Prompt: Starting at the line that contains "Silver Olibanum podle", transcribe each line through the end of the material below, exactly and nothing else, leaving out the pictures.
━━━
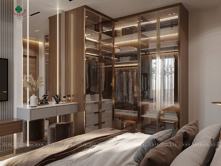 Hệ thống tủ quần áo với thiết kế hiện đại và cửa kính trong suốt đẹp mắt
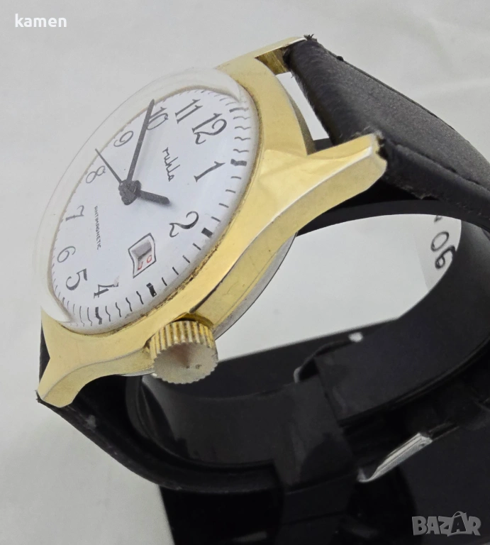 Циферблат: Ясен бял циферблат с елегантни черни арабски цифри и прозорец за дата на 3 часа. Маркиран с "Ruhla" и "Антимагнетичен".
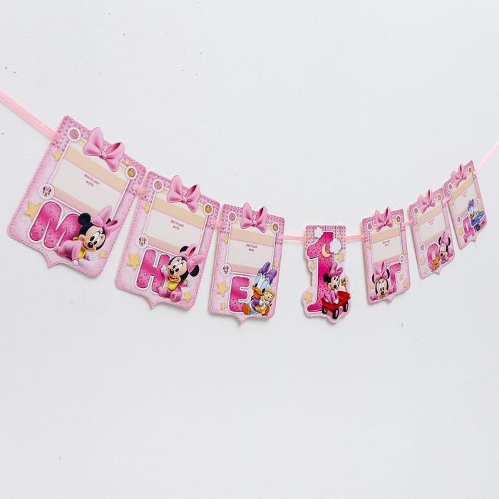 Гирлянда с местом для 6 фото "Мне 1 годик", Минни Маус, Дисней Беби
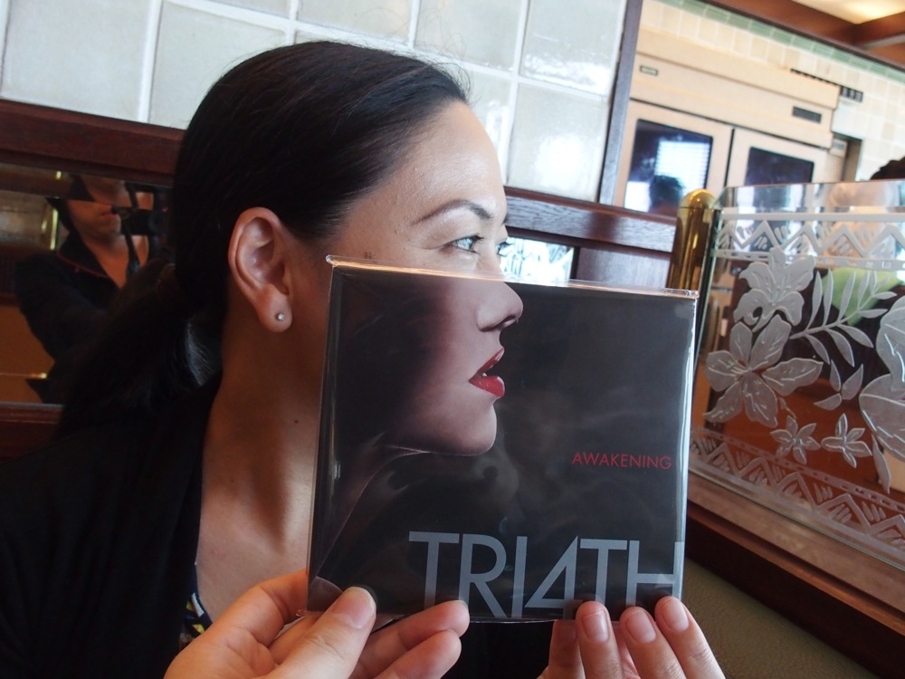 熱気に包まれたライブの翌日はオフ日とさせて頂いていて、久し振りに那覇中心部に留まる事になっていたので、これまでお世話になった方々への挨拶と、CDショップへの訪問を幾つかしてきました。そして西仲さんのCDは勿論だったのですが、この10月7日という日は TRI4TH の 4th.CDアルバム『AWAKENING』の発売日でもあり、沖縄県下唯一のタワーレコード、那覇リウボウ店さんにも足を運んできたのでした。実は西仲さんの妹さんが TRI4TH の大ファンでもあり(笑)、早速購入してくれたとの事。左上の写真も実現させてしまいました(似てますが、これは妹さんの方です…笑)。
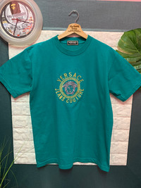 VINTAGE!! Shirt VERSACE Jeans Couture size On tag M Shirts still in good Condition 9/10 Actual Measurement : Length arm pit to arm pit 20.5 Inches Length back collar to hem : 28 Inches Please look detail at the photo for confirmation. If any question please ask to me. All item/pieces will be shipped within 1-2 business day. Postal receipt or proof of shipment will be kept for future refference. dont expect the pieces in mint condition unless state.Its because vintage or used item may have sign of wear.TQ Important: Telephone number is required for standard shipping detail price nego until letgo.TQSM ( Ref No :45)
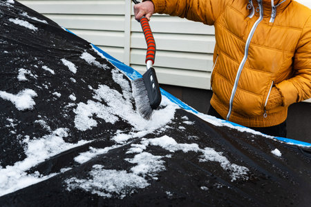 Clearing black car from snow using brush. Car is protected from weather by tarpaulin cover in winter
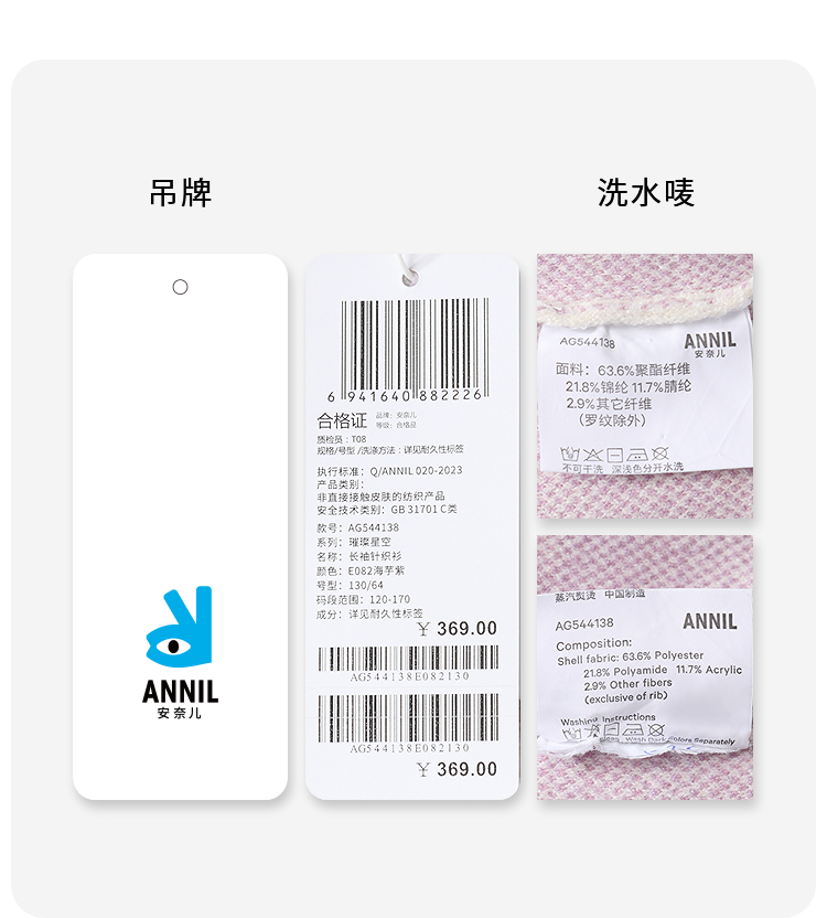 【实体店同款】女童长袖针织衫冬季新款安奈儿童装AG544138
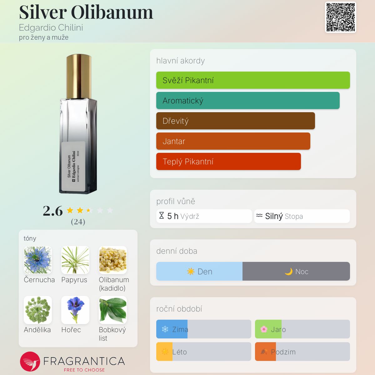 Silver Olibanum podle Edgardio Chilini je Orientální Spicy vůně pro ženy a muže. Silver Olibanum byl/a uveden/a v roce 2012. "Nosem" za touto vůní je Sergey Karov. Vrchní tóny jsou Černucha, Papyrus, Andělika, Hořec, Bobkový list, Sedmikráska, Meduňka, Galanga kořen, Kopr, Černý pepř, Tymián, Bazalka, Amaretto, Bílý med, Rozmarýn, Gardénie, Petitgrain, Šalvěj, Pomeranč, Mandarinka, Zázvor, Bergamot, Neroli, Pelargónie, Hořká mandle, Ananas a Máta; střední tóny jsouBřezová smola, Kardamom, Pelyněk, Hřebíček, Šafrán, Levandule, Kosatec, Jedle, Myrta, Damašská růže, Marocká růže, Muškátový oříšek, Bourbonské geránium , Růžový pepř, Kasie a Jasmín ; základní tóny jsou Olibanum, Jantar (ambra), Vetiver, Agarové dřevo (oud), Labdanum, Tabák, Hořká čokoláda, Dubový mech, Kašmírové dřevo, Kůže, Benzoin, Karamel, Balzám Tolu, Pačuli, Kastoreum, Borovice, Cedr, Styrax, Santalové dřevo, Fazole tonka, Vanilka a Pižmo.
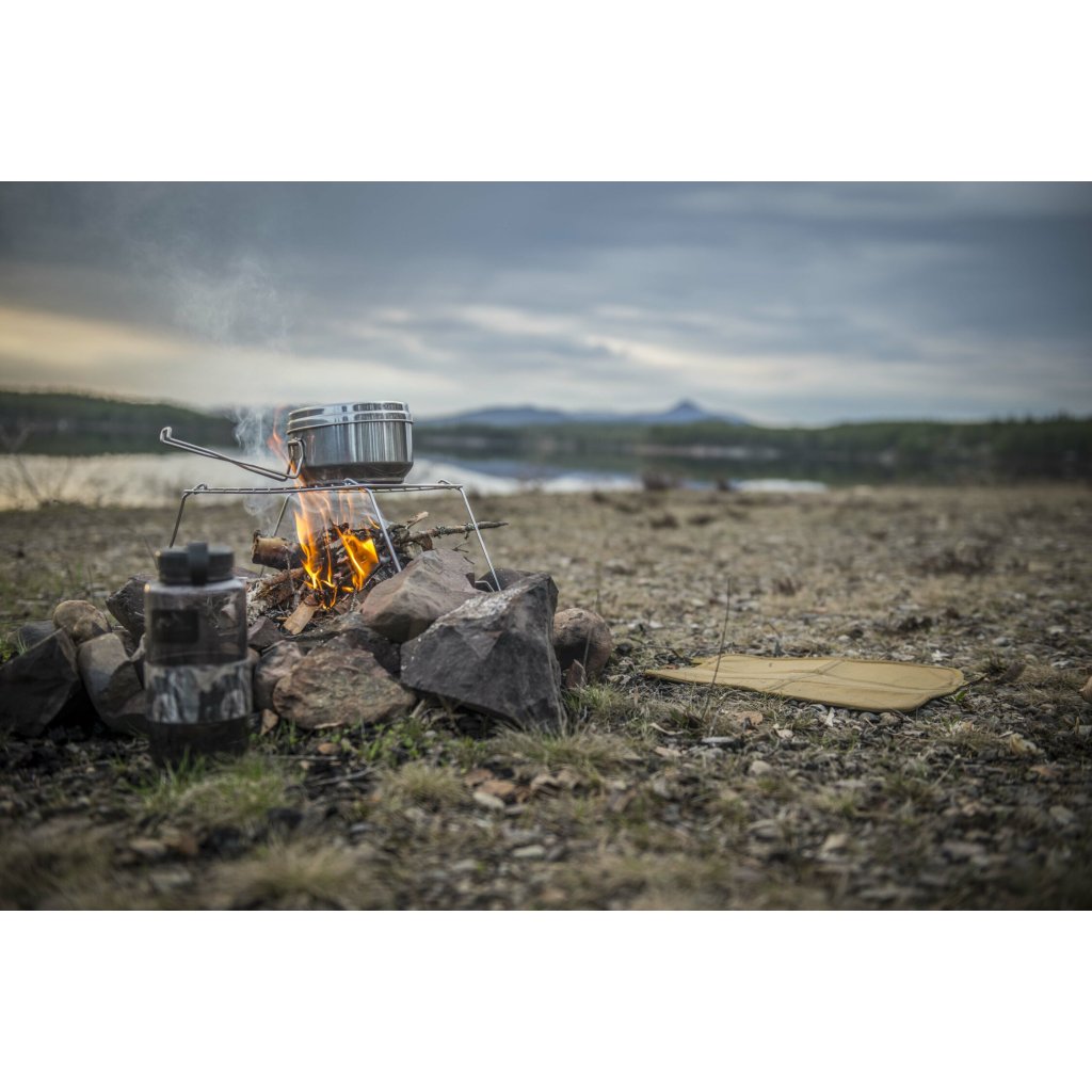 Sada se skládá ze dvou nádob a víčka, které zároveň slouží jako pánev. Díky sklopným držadlům se celý set snadno přenáší a zabalí do kompaktní podoby. Ideální pro turistiku, kempování, bushcraft i vojenské využití.
━━━
Result:
 Silver Olibanum podle Edgardio Chilini je Orientální Spicy vůně pro ženy a muže. Silver Olibanum byl/a uveden/a v roce 2012. "Nosem" za touto vůní je Sergey Karov. Vrchní tóny jsou Černucha, Papyrus, Andělika, Hořec, Bobkový list, Sedmikráska, Meduňka, Galanga kořen, Kopr, Černý pepř, Tymián, Bazalka, Amaretto, Bílý med, Rozmarýn, Gardénie, Petitgrain, Šalvěj, Pomeranč, Mandarinka, Zázvor, Bergamot, Neroli, Pelargónie, Hořká mandle, Ananas a Máta; střední tóny jsouBřezová smola, Kardamom, Pelyněk, Hřebíček, Šafrán, Levandule, Kosatec, Jedle, Myrta, Damašská růže, Marocká růže, Muškátový oříšek, Bourbonské geránium , Růžový pepř, Kasie a Jasmín ; základní tóny jsou Olibanum, Jantar (ambra), Vetiver, Agarové dřevo (oud), Labdanum, Tabák, Hořká čokoláda, Dubový mech, Kašmírové dřevo, Kůže, Benzoin, Karamel, Balzám Tolu, Pačuli, Kastoreum, Borovice, Cedr, Styrax, Santalové dřevo, Fazole tonka, Vanilka a Pižmo.
 Sada se skládá ze dvou nádob a víčka, které zároveň slouží jako pánev. Díky sklopným držadlům se celý set snadno přenáší a zabalí do kompaktní podoby. Ideální pro turistiku, kempování, bushcraft i vojenské využití.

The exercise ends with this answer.